-- Input material follows --

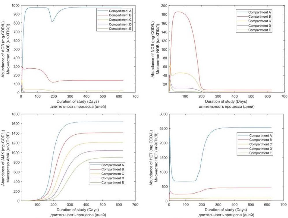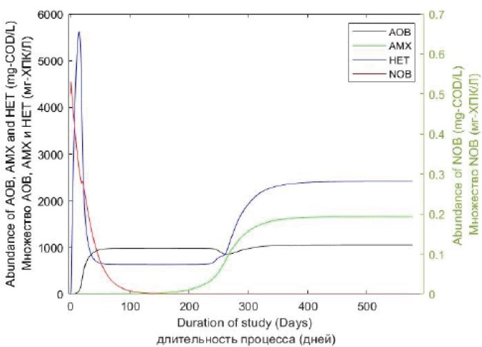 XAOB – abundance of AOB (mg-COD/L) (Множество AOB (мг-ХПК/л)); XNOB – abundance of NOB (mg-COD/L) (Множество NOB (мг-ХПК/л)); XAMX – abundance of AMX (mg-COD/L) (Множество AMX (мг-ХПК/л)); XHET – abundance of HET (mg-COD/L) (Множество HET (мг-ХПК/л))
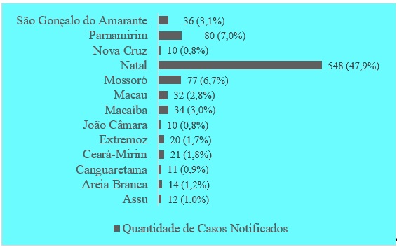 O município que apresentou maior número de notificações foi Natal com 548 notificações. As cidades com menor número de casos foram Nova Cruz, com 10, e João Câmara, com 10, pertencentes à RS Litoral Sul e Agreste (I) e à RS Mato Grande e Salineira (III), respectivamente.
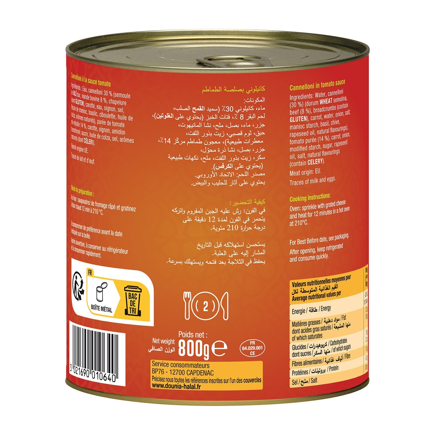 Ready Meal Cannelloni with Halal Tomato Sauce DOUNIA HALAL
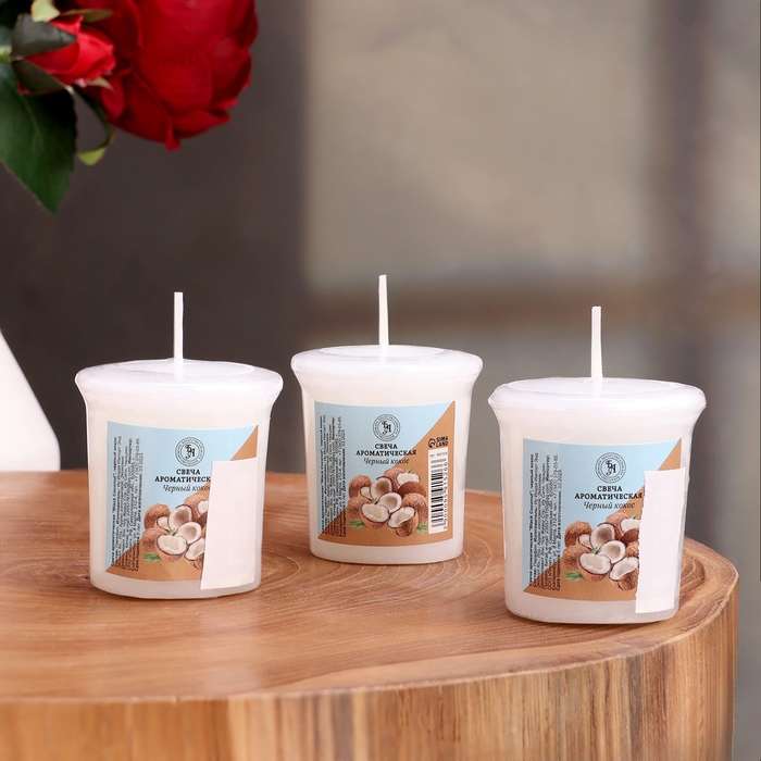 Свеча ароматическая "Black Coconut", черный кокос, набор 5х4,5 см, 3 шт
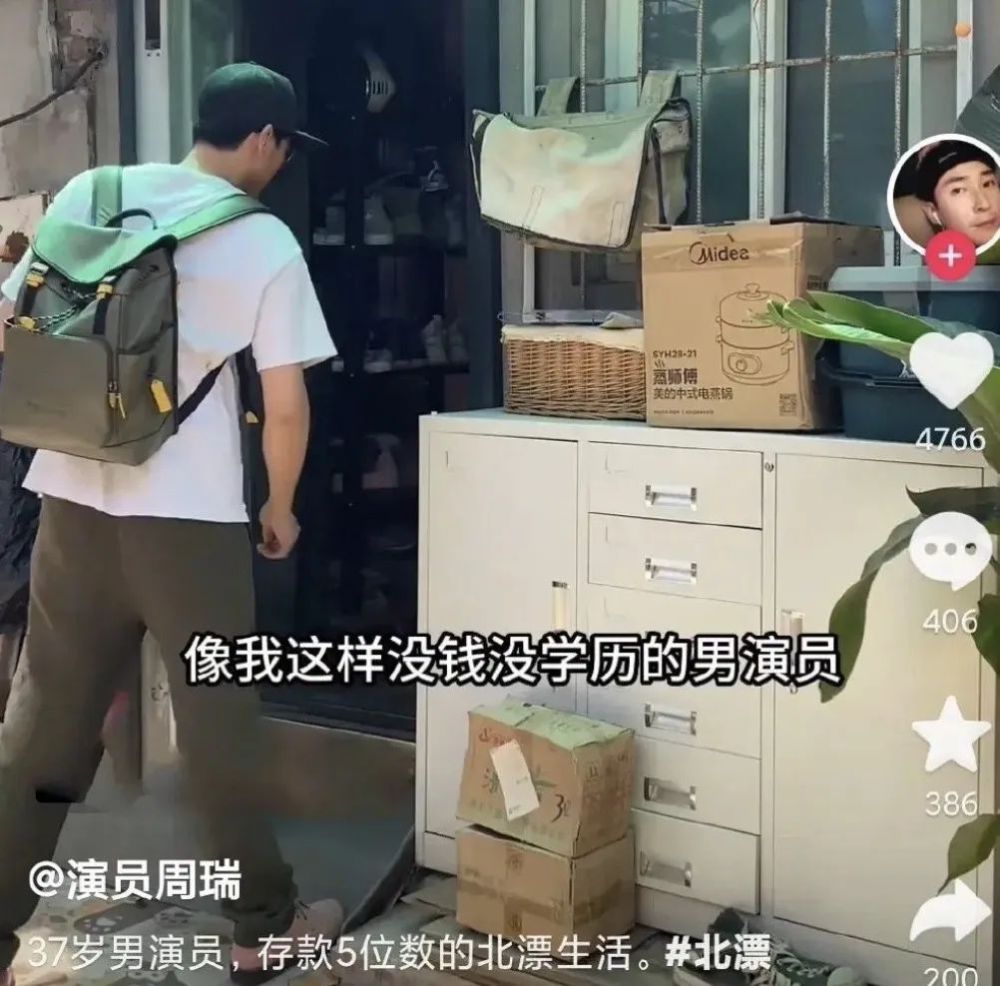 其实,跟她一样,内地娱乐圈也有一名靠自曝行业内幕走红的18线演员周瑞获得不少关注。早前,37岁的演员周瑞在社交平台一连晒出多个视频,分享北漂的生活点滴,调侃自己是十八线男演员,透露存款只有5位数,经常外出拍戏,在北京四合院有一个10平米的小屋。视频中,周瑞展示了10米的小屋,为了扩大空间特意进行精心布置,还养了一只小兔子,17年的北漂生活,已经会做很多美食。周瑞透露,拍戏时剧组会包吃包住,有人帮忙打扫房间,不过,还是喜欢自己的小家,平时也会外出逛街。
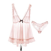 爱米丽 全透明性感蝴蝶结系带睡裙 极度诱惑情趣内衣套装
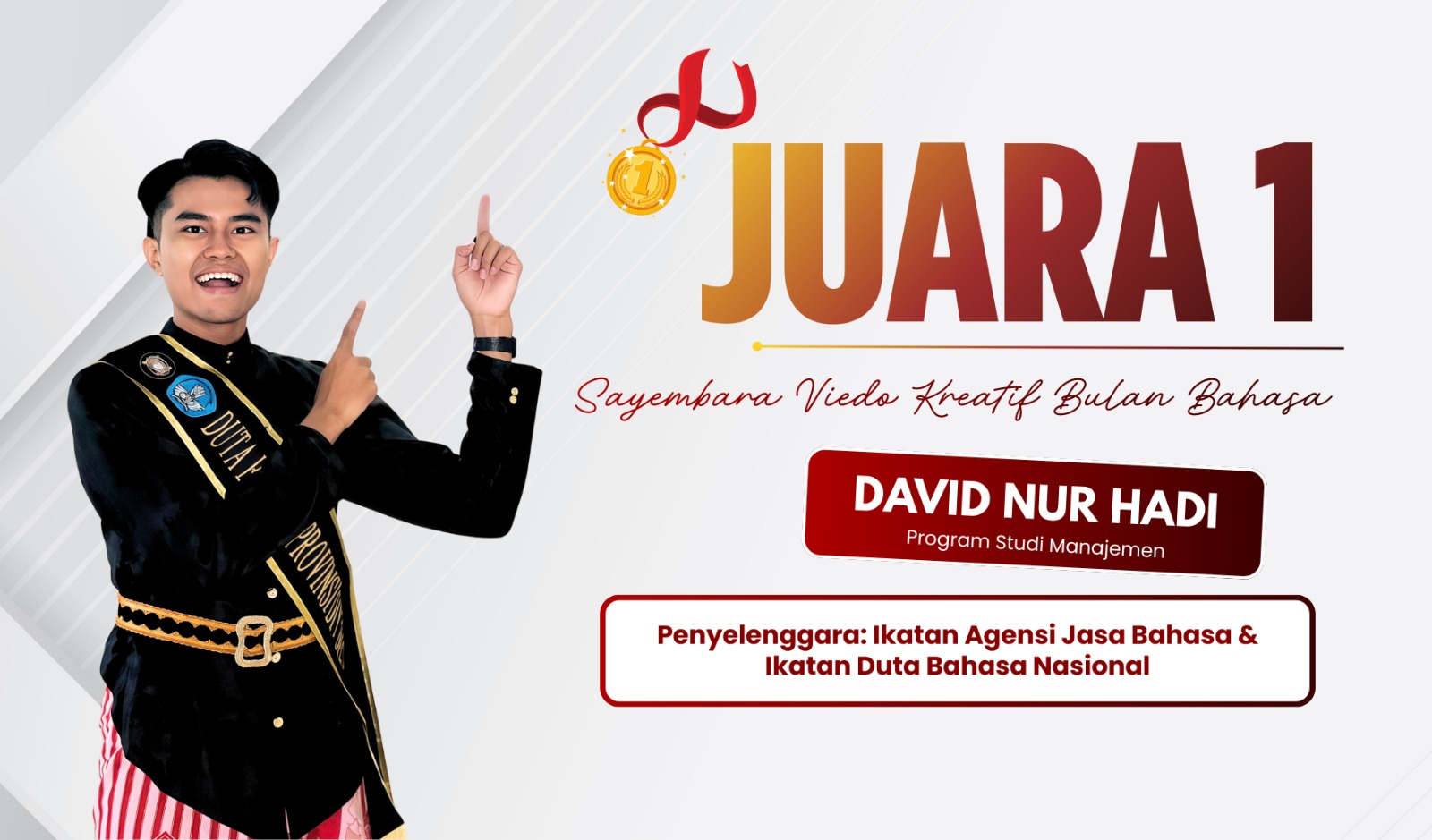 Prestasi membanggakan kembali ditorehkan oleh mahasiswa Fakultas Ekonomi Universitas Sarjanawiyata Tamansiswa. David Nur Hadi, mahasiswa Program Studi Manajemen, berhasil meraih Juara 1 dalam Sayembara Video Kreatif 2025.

-- Input material concluded --
-- Input material follows --

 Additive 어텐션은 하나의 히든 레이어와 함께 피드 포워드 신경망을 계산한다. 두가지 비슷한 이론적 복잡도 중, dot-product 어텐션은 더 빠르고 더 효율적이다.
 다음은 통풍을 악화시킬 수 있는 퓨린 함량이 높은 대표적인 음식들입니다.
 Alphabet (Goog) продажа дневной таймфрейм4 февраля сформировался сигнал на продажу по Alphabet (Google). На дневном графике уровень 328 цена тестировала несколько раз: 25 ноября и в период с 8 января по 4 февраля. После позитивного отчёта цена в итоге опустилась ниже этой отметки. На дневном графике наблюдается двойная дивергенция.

-- Input material concluded --
-- Input material follows --

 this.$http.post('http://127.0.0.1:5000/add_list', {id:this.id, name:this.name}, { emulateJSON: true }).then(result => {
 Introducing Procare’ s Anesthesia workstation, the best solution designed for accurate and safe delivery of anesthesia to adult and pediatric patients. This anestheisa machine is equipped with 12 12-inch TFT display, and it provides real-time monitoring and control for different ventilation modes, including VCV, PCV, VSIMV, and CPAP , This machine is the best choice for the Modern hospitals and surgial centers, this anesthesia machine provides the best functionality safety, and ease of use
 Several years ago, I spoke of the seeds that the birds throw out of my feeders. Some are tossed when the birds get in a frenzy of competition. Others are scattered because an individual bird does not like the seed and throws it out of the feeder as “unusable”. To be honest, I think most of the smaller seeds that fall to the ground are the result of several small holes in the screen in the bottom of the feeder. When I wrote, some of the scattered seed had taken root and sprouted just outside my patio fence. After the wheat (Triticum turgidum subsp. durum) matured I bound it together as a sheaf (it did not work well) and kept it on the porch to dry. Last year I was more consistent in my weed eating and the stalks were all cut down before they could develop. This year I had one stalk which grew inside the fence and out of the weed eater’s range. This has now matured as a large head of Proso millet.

-- Input material concluded --

In the listing above, find the line containing "XAOB – abundance" and the line containing "Prestasi membanggakan kembali". Print those two lines and every line between them exactly, with no pictures.

 XAOB – abundance of AOB (mg-COD/L) (Множество AOB (мг-ХПК/л)); XNOB – abundance of NOB (mg-COD/L) (Множество NOB (мг-ХПК/л)); XAMX – abundance of AMX (mg-COD/L) (Множество AMX (мг-ХПК/л)); XHET – abundance of HET (mg-COD/L) (Множество HET (мг-ХПК/л))
 O município que apresentou maior número de notificações foi Natal com 548 notificações. As cidades com menor número de casos foram Nova Cruz, com 10, e João Câmara, com 10, pertencentes à RS Litoral Sul e Agreste (I) e à RS Mato Grande e Salineira (III), respectivamente.
 Ready Meal Cannelloni with Halal Tomato Sauce DOUNIA HALAL
 Свеча ароматическая "Black Coconut", черный кокос, набор 5х4,5 см, 3 шт
 其实,跟她一样,内地娱乐圈也有一名靠自曝行业内幕走红的18线演员周瑞获得不少关注。早前,37岁的演员周瑞在社交平台一连晒出多个视频,分享北漂的生活点滴,调侃自己是十八线男演员,透露存款只有5位数,经常外出拍戏,在北京四合院有一个10平米的小屋。视频中,周瑞展示了10米的小屋,为了扩大空间特意进行精心布置,还养了一只小兔子,17年的北漂生活,已经会做很多美食。周瑞透露,拍戏时剧组会包吃包住,有人帮忙打扫房间,不过,还是喜欢自己的小家,平时也会外出逛街。
 爱米丽 全透明性感蝴蝶结系带睡裙 极度诱惑情趣内衣套装
 Prestasi membanggakan kembali ditorehkan oleh mahasiswa Fakultas Ekonomi Universitas Sarjanawiyata Tamansiswa. David Nur Hadi, mahasiswa Program Studi Manajemen, berhasil meraih Juara 1 dalam Sayembara Video Kreatif 2025.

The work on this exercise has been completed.